Records provided:

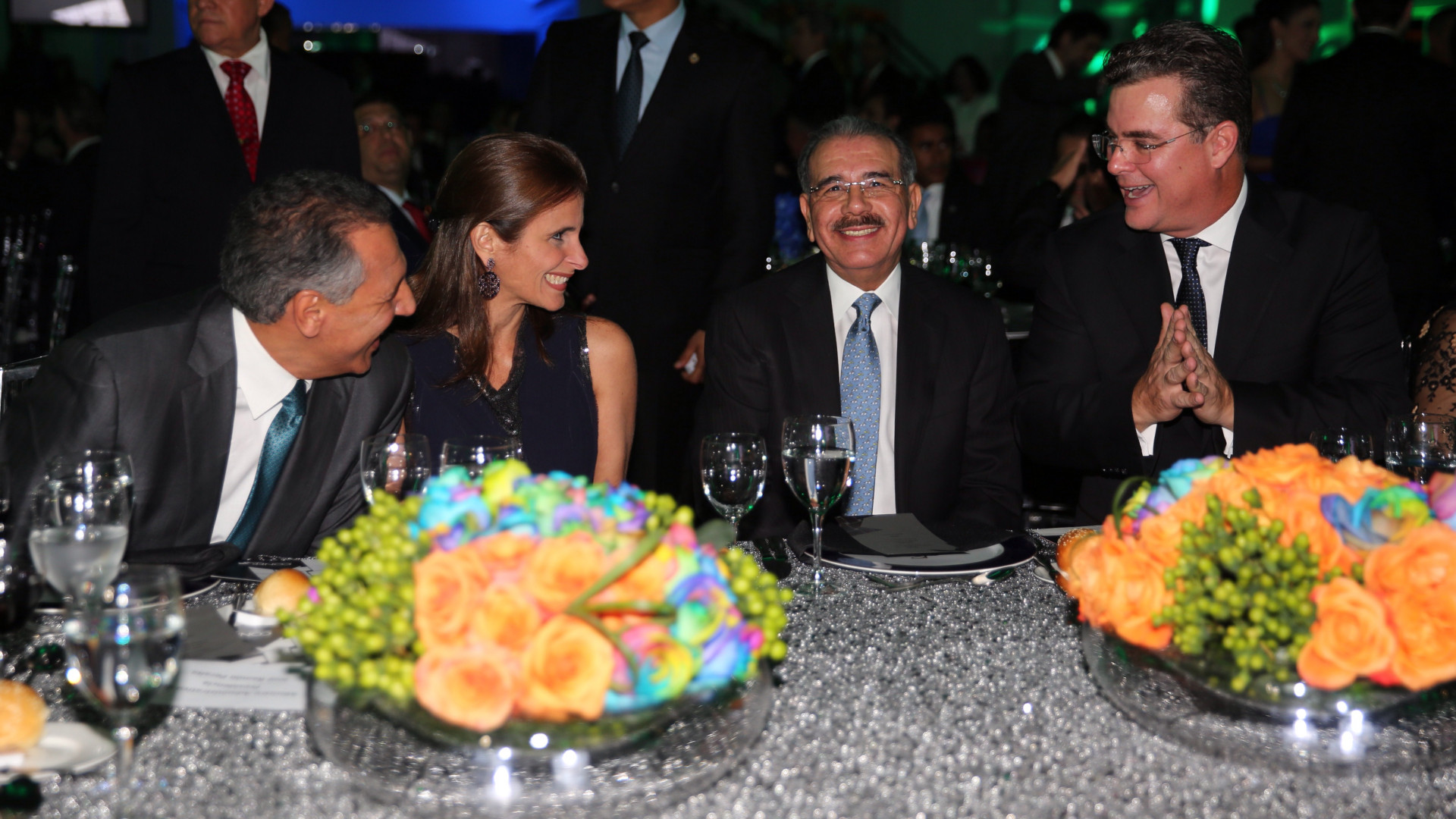 El presidente Danilo Medina, el ministro Administrativo de la Presidencia, José Ramón Peralta y los empresarios, Manuel Diez Cabral y Ligia Bonetti, presidenta de la Asociación de Industrias (AIRD), encabezan la mesa principal.
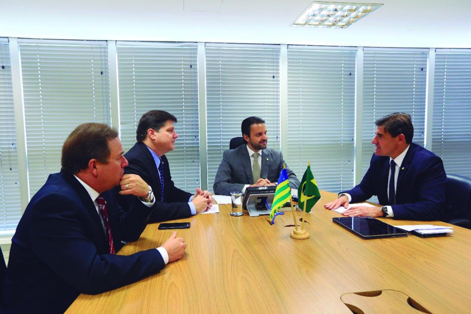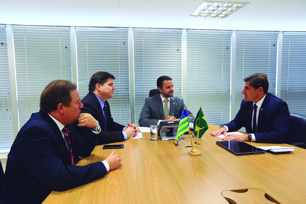 Foto: O prefeito Duarte Nogueira, acompanhado dos deputados federal Baleia Rossi ((MDB) e estadual Léo Oliveira (MDB), em audiência com o ministro das Cidades Alexandre Baldy
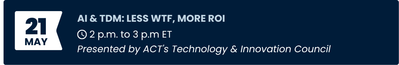 What does AI actually look like in TDM - and where is it delivering real value? Join ACT's Technology & Innovation Council for "AI & TDM: Less WTF, More ROI," an engaging webinar exploring practical, real-world uses of AI in TDM, from smarter planning and integrated data tools to transportation project prioritization.
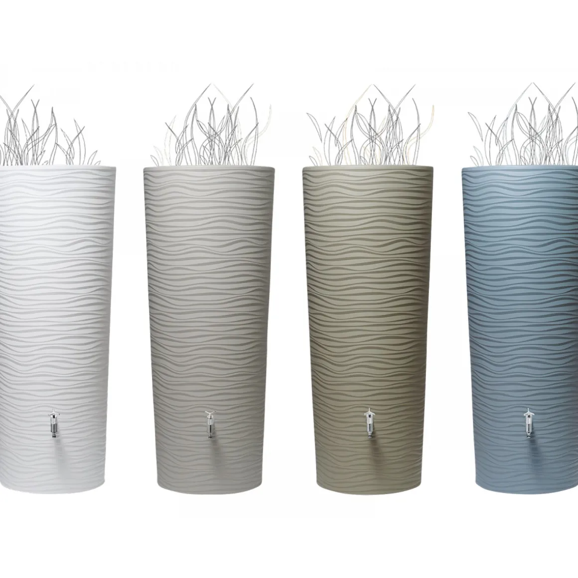 Mit dem Garantia Regenspeicher Natura 2in1 ocean 350 L holen Sie sich nicht nur einen funktionalen, sondern auch einen ästhetisch ansprechenden Helfer in Ihren Garten. Die wellenförmige Oberflächenstruktur erzeugt je nach Lichteinfall außergewöhnliche Farbspiele und die integrierte Pflanzschale ermöglicht eine individuelle Bepflanzung.
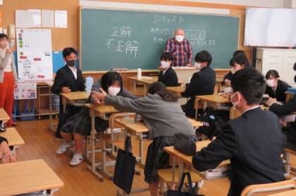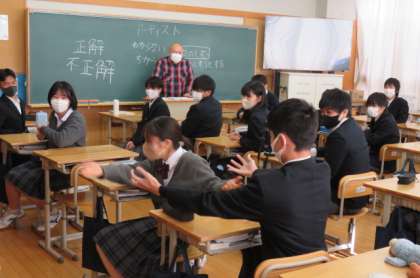 前半はどのクラスもアイスブレーキング代わりのゲームをしています。
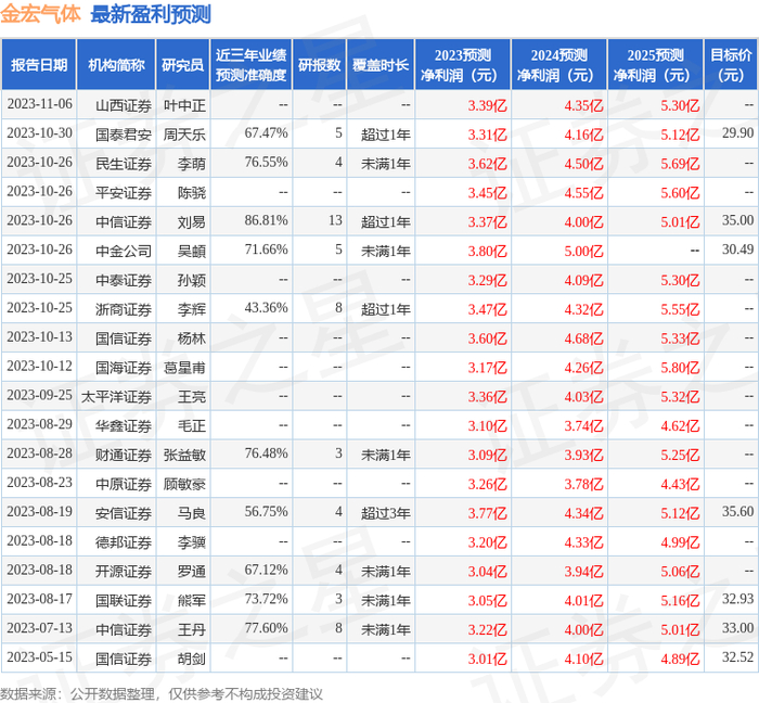 以下是详细的盈利预测信息:
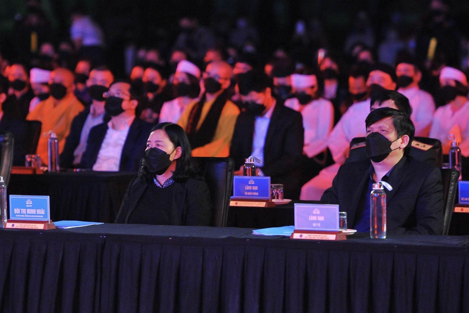Tại Công viên Thống Nhất, Bí thư Trung ương Đảng, Trưởng Ban Dân vận Trung ương Bùi Thị Minh Hoài và Bộ trưởng Bộ Y tế Nguyễn Thanh Long

Required work:
Only the text of the entries above, transcribed exactly, should be given; leave out pictures.

Solved problem:
 El presidente Danilo Medina, el ministro Administrativo de la Presidencia, José Ramón Peralta y los empresarios, Manuel Diez Cabral y Ligia Bonetti, presidenta de la Asociación de Industrias (AIRD), encabezan la mesa principal.
 Foto: O prefeito Duarte Nogueira, acompanhado dos deputados federal Baleia Rossi ((MDB) e estadual Léo Oliveira (MDB), em audiência com o ministro das Cidades Alexandre Baldy
 What does AI actually look like in TDM - and where is it delivering real value? Join ACT's Technology & Innovation Council for "AI & TDM: Less WTF, More ROI," an engaging webinar exploring practical, real-world uses of AI in TDM, from smarter planning and integrated data tools to transportation project prioritization.
 Mit dem Garantia Regenspeicher Natura 2in1 ocean 350 L holen Sie sich nicht nur einen funktionalen, sondern auch einen ästhetisch ansprechenden Helfer in Ihren Garten. Die wellenförmige Oberflächenstruktur erzeugt je nach Lichteinfall außergewöhnliche Farbspiele und die integrierte Pflanzschale ermöglicht eine individuelle Bepflanzung.
 前半はどのクラスもアイスブレーキング代わりのゲームをしています。
 以下是详细的盈利预测信息:
Tại Công viên Thống Nhất, Bí thư Trung ương Đảng, Trưởng Ban Dân vận Trung ương Bùi Thị Minh Hoài và Bộ trưởng Bộ Y tế Nguyễn Thanh Long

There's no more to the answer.